Death of American Virtue - Ken Gormley [128]
“Well,” Hale drawled, “if we didn’t pay it, then you would have regulators coming in and investigators coming in and we’d all go to jail.”
After Hale’s first day of testimony, Jim McDougal told the press that Hale was “a recreational liar.” Leaning on his cane, McDougal predicted to a USA Today reporter: “I think he’ll be exposed as a liar, thief and con artist.”
That night, the host of CNN’s Inside Politics declared that the dormant Whitewater saga had suddenly been brought back to life and that “Mr. Clinton’s exact ties to the matter could come into sharp focus this week.” David Hale quickly made good on that prediction. On the second day of his testimony, he placed Bill Clinton at the epicenter of a key fraudulent deal.
In early 1986, Hale told the jury, he had received a call from Jim McDougal summoning him to meet with McDougal and Governor Clinton at the Castle Grande property. When he had arrived at the remote location, Hale testified, the only vehicle there was McDougal’s Jaguar. Governor Clinton, he seemed to recall, was dressed in jogging clothes. McDougal and Clinton were standing around “cussing” and “talking politics and this sort of thing.” Small talk turned to business. According to Hale, the group discussed obtaining a loan for McDougal and Governor Clinton in the amount of $150,000, which would be put in the name of Susan McDougal’s advertising firm. Clinton offered to secure the loan through “raw land” in Marion County—that is, the Whitewater property. But McDougal said that wasn’t necessary: “Susan’s financial statement was strong enough to handle it.”
Hale’s testimony was murky on specifics. Yet he recalled enough to tell the jury that—at Jim’s request—he eventually doubled the amount and agreed to loan Susan McDougal’s company $300,000. Governor Clinton allegedly insisted: “My name can’t show up on this.” Jim McDougal said not to worry—the $300,000 loan would be made in Susan McDougal’s name alone.

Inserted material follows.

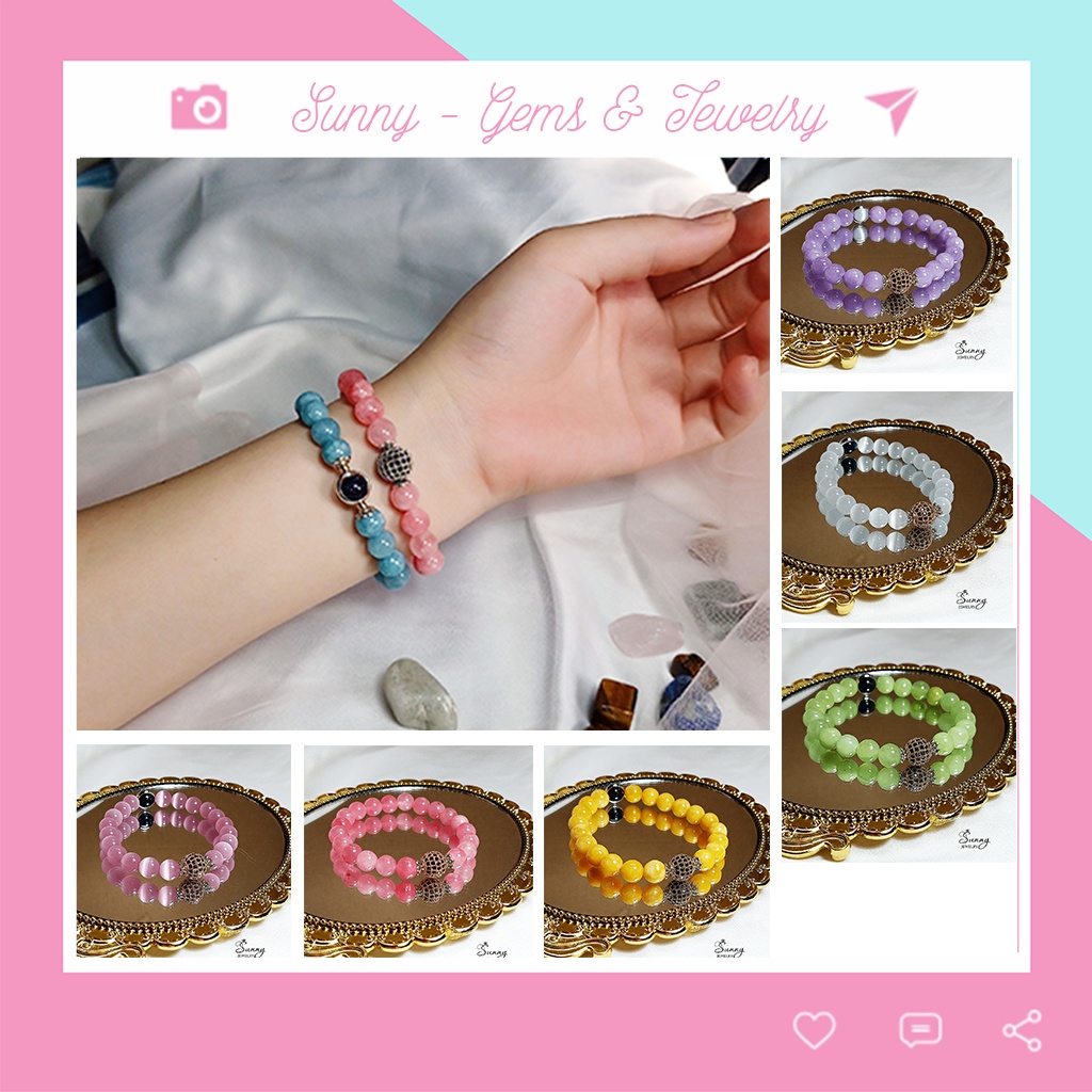 Vòng tay nữ SN003 * Kích thước: 8 ly * Chất liệu: tự nhiên cao cấp, sáng, phong cách nữ tính, trẻ trung. * Màu sắc: nhiều màu (Hồng, Xanh, vàng, trắng...) * Mệnh hợp: Tất cả các mệnh

When asked by lead prosecutor Ray Jahn, “Who did you look to as far as this loan is concerned, who were you looking to as far as repayment?” Hale replied soberly, “I was looking at Jim McDougal and Bill Clinton.”
Susan McDougal’s attorney, Bobby McDaniel, expressed disgust after the judge adjourned the jury for the night. “What you heard from David Hale today,” he said, “is a different story than what he’s said before. It’s a fabrication, period. Bill Clinton is his meal ticket to a lighter sentence.” Jim McDougal, toting his cane and briefcase across Capitol Avenue to the pink Legacy Hotel where he had rented a cheap room, ridiculed Hale’s testimony. “I sort of wanted to kick his butt,” McDougal told the Arkansas Democrat-Gazette. “But then I saw what poor condition he appears to be in physically, and then I couldn’t work myself up to want to beat up on the guy.”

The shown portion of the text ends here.